# Small farmers in trouble



## Plainsman (Jul 30, 2003)

There are a couple of people who like to call me anti farmer. The truth is I hear from small farmers often. Not so much the big boys. You may notice over the years I have had some very upset with me. They hate corporations and don't want them in North Dakota. Yet if you check http://farm.ewg.org/ for their wives name, their sons name, their daughters name, you will find that many of the people against measure 5 are themselves incorporated. 
When we debate conservation the opposition to measure 5 tells us they are stewards of the land. While they talk out of one side of their mouth they are destroying some of the most unique wetlands in North Dakota. See the message below that I received today. If North Dakota is going to preserve some of God's original creation for our grandchildren to see it's time to wake up.
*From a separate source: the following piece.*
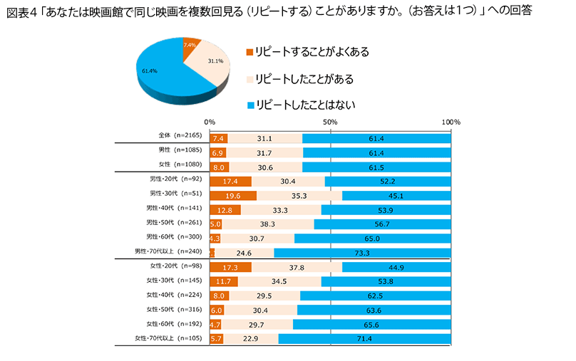 続いて、映画館に行く習慣がある人を対象に、映画館で同じ映画を複数回見る(リピートする)ことがあるかを聞くと(図表4)、「リピートしたことはない」人が61.4%と最も高い割合でしたが、「リピートしたことがある」が31.1%、「リピートすることがよくある」が7.4%でした。

> Hi Mr. Plainsman, I'm sending you this PM to ask your help. I'm from Oakes and we have a dilemma happening down here. Are you aware of the State Water Commission approval for draining a large area in Sargent and Dickey counties? Sixty five square miles are proposed for drainage, with the goal to lower the water table about four feet. The target area is a closed basin that includes Kraft Slough and Lake Tayer along with several other low areas going toward Ludden. The water will be channeled to the James River at about 20 cubic feet per second. The basis for the drain is mis-represented and misconstrued. The engineering company hired says the basis is due to continuing high water and the impact to county and state roads, and also the DMVWRR (rail road)...and of course due to flooding on agriculture fields. The process to have this approved, pits the large corporate farmer against a smaller neighbor farm, with the large corporate farms having the most property, and hence the most votes. A landowner vote will be held in November, and it appears will be a close one. The process is antiquated at the least; some property owners are not even aware that there may be a new tax on their property if the drain is approved. Apparently, state law says that only the surface caretaker (leesee) needs to be notified. This issue has a short fuse, as construction of a lift station and the drainage expansions are supposed to take place next spring.
> 
> Please advise


----------



## Plainsman (Jul 30, 2003)

> Doesnt surprise me youre not liked by small farmers...


Read it again.



> Not so much the big boys. You may notice over the years I have had some very upset with me.


----------



## shaug (Mar 28, 2011)

> Hi Mr. Plainsman, I'm sending you this PM to ask your help.


Dear Ann Landers or even dear Dr. Phil or.......keep 'em coming Bruce, you're cracking me up.


----------



## walleyecandy (Aug 6, 2012)

Looks like you can 'make' more ground. ...

A lot more information is needed before you pass judgment. ... Is this drainage a state of nd idea? Is it the 'big' farmer's idea? Are there necessary roads being damaged?

Is this slough deep enough to fish or is it a glorified duck pond? Winter kill every year? I doubt it is critical habitat for the kali condor....

If they are voting using the majority system based upon land ownership - then it's somewhat fair... if Billy bob owns 1800 acres and Bobby rae owns 18, then sorry bobby! Welcome to the democracy.

If the ground is critical wildlife habitat - the dnr should buy it. Look up Pheasants Forever - sw minnesota founded, and they bought a lot of dirt to preserve pheasant habitat in Minnesota - it's entirely open to the public so, it's pretty much crap hunting after weekend number 2 but whatever - I hunt private ground so...


----------



## Plainsman (Jul 30, 2003)

I don't know mu h about it yet walleye. I thought I would just share the message. The fellow said he would email me some documentation. I don't know of what, but I will share information as I get it.


----------



## blhunter3 (May 5, 2007)

Dougie said:


> Doesnt surprise me youre not liked by small farmers...Americas farms 50 yrs ago were 90% family owned.
> 
> Now its 90% corporate owned, and we see the destruction coming on that end.
> 
> ...


Many farmers go to corporation farmers due to the tax breaks.

How are GMO's bad, as well and pesticides and Monsanto?


----------